Use Ningxia? Beach sheep? The Jieyang cooked in China is rich in lean meat, tender, digestible and tasteless, and protein is rich. The finished product is full of color, flavor and no greasy feeling. Method: Cut the mutton into chunks of about 2 kg, put it into boiling water, add spices such as pepper, Miao Miao Xiang, star anise, cinnamon, apricot and dried orange peel, and stew until the bones of the portable sheep shake and the flesh and blood are separated. Prepare various seasonings, such as sesame sauce, bean curd (mixed into juice), pickled leek flower, soy sauce, vinegar, chopped green onion, garlic paste, Chili oil, etc., and then mix them in a small bowl according to everyone's preference, and grab the mutton with your hands and eat it in the sauce.

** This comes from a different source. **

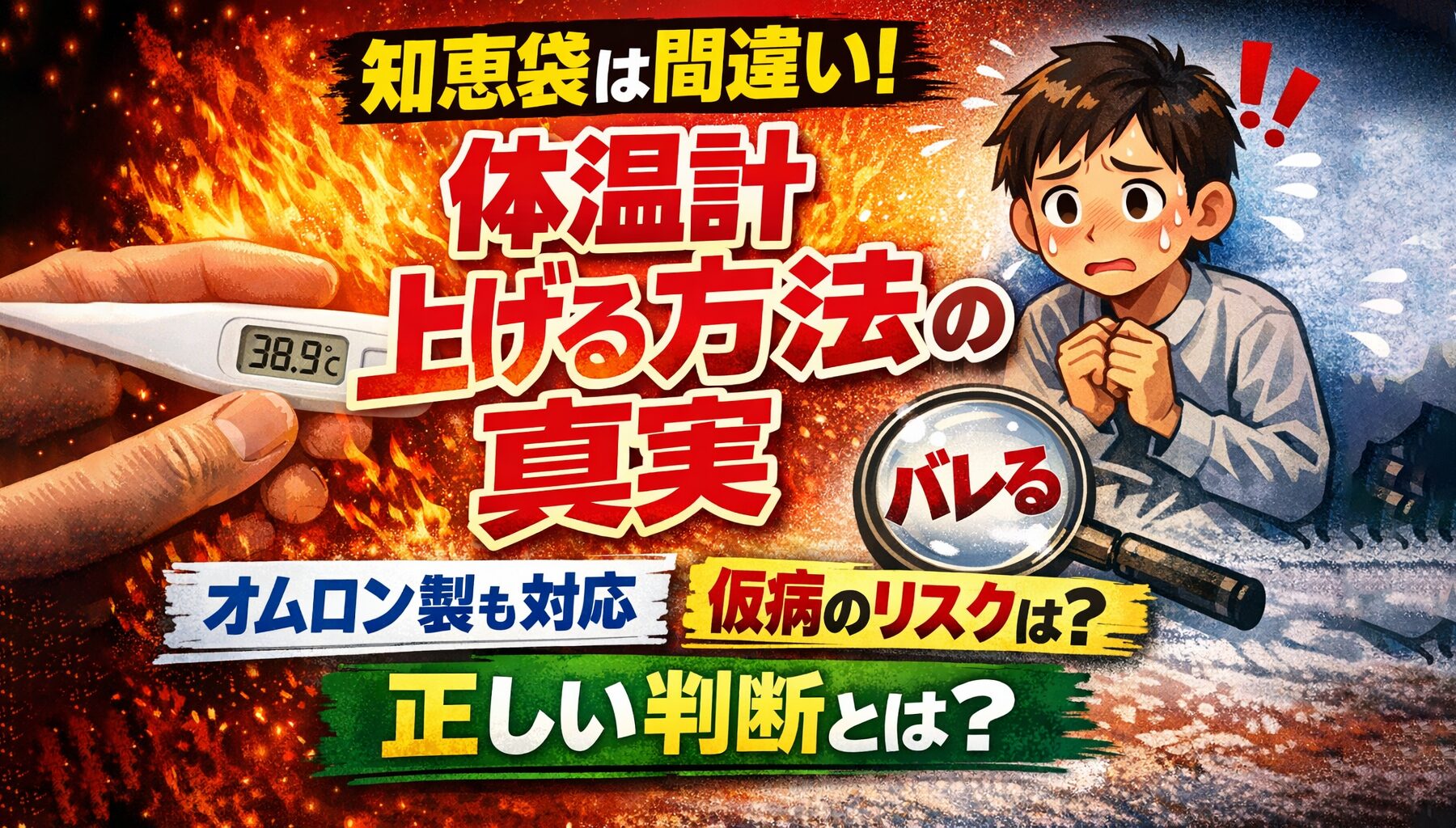 この記事では、知恵袋に溢れる間違った情報を暴きつつ、オムロンなど最新の予測式体温計の仕組みから、なぜ従来の方法が通用しないのか、そして本当に休みたいときに取るべき行動を徹底解説します。

There are three ways to eat, that is, hot (after slicing, steaming in a cage and dipping in triple oil), cold (directly dipping in refined salt after slicing) and fried (frying in a pan and eating while frying). It is characterized by delicious meat, not greasy or greasy, and full of color and fragrance.
Grasping mutton by hand is a major feature of northwest food culture, and it is famous. Hand-grabbed mutton originated in West Asia, which is a dish of relatives and friends during Islamic festivals and celebrations. It is a traditional and authentic dish. Hand-grabbed mutton: It is said that it has a history of nearly a thousand years, and it was originally named after eating it by hand.